We conclude that QD with the 1-NoO feature space is efficient when there are global optima close to \(0^n\) or \(1^n\) in terms of Hamming distance. But it cannot avoid exponential optimisation times if all global optima have a sufficiently large Hamming distance from both \(0^n\) and \(1^n\). However, the worst case of \(\Theta ((1/p_m)^{n})\) can be lowered significantly, to \(\Theta ((1/p_m)^{\lfloor n/2 \rfloor }n)\). The latter is nearly the square root of the former and the upper bound is smaller by a factor of order \((1/p_m)^{\lceil n/2\rceil }/n\). Note, however, that in the worst case both bounds are exponential in n, limiting the usefulness of these bounds. This is why we now turn to combinatorial problems where we will show that QD can guarantee finding good solutions in expected polynomial time.

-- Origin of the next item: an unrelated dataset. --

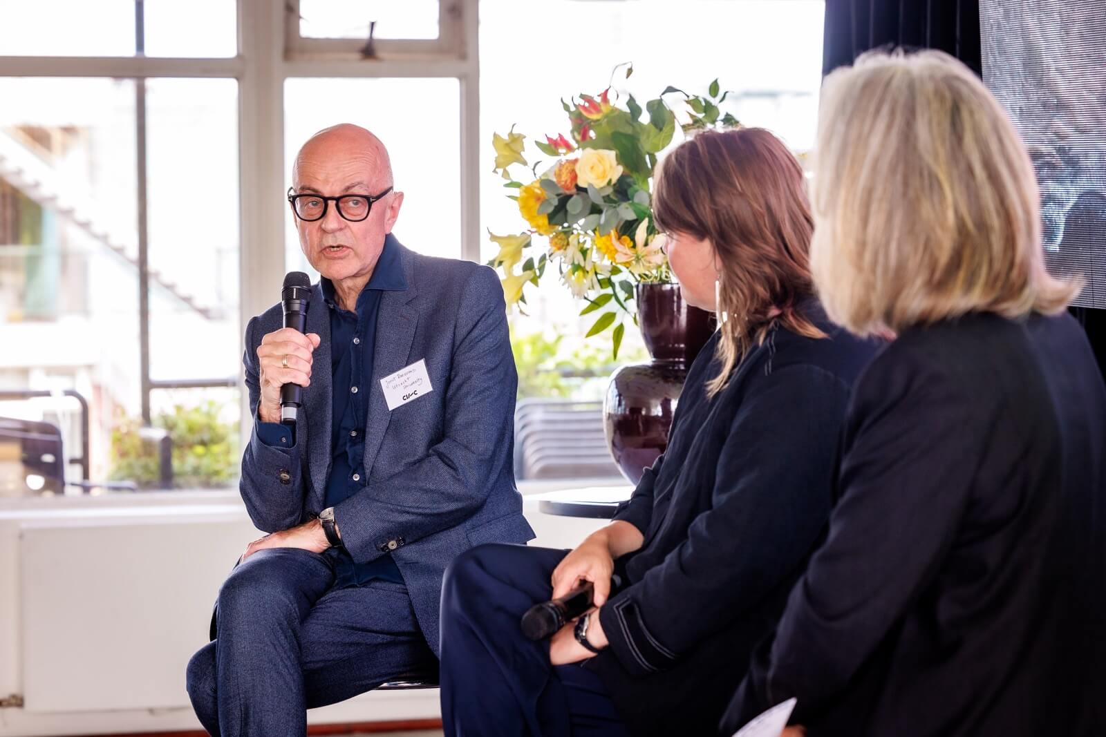 Three people seated at the CIIIC Annual Meet-up, with one holding a microphone, discussing during a panel session.
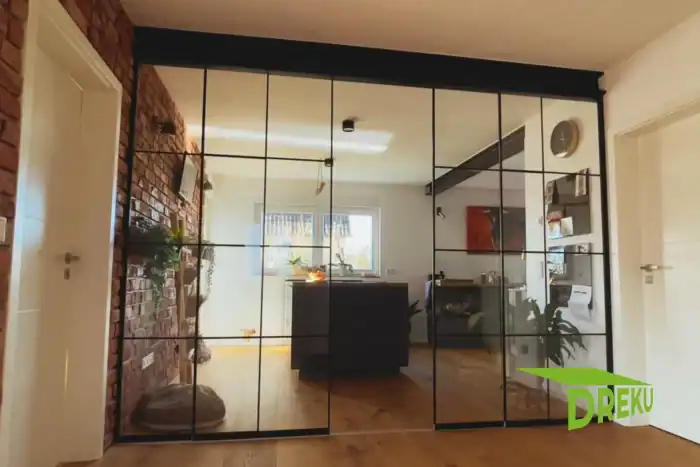 Wenn Sie bei uns eine Glasschiebewand bestellen, dann bekommen Sie nach Ihrer Maßangabe bzw. Skizze einen vorgefertigten Bausatz.

4 Monotone Submodular Function Optimisation

We now consider the NP-hard problem of submodular function maximisation. Submodular functions generalise many well-known NP-hard combinatorial optimisation problems, e.g., finding a maximum cut in a graph, and are thus of utmost relevance. Let \(\Omega \) be a finite ground set and let \(f: 2^{\Omega } \rightarrow {\mathbb {R}}\) be a set function. The function f is submodular if for all \(A, B \subseteq \Omega \)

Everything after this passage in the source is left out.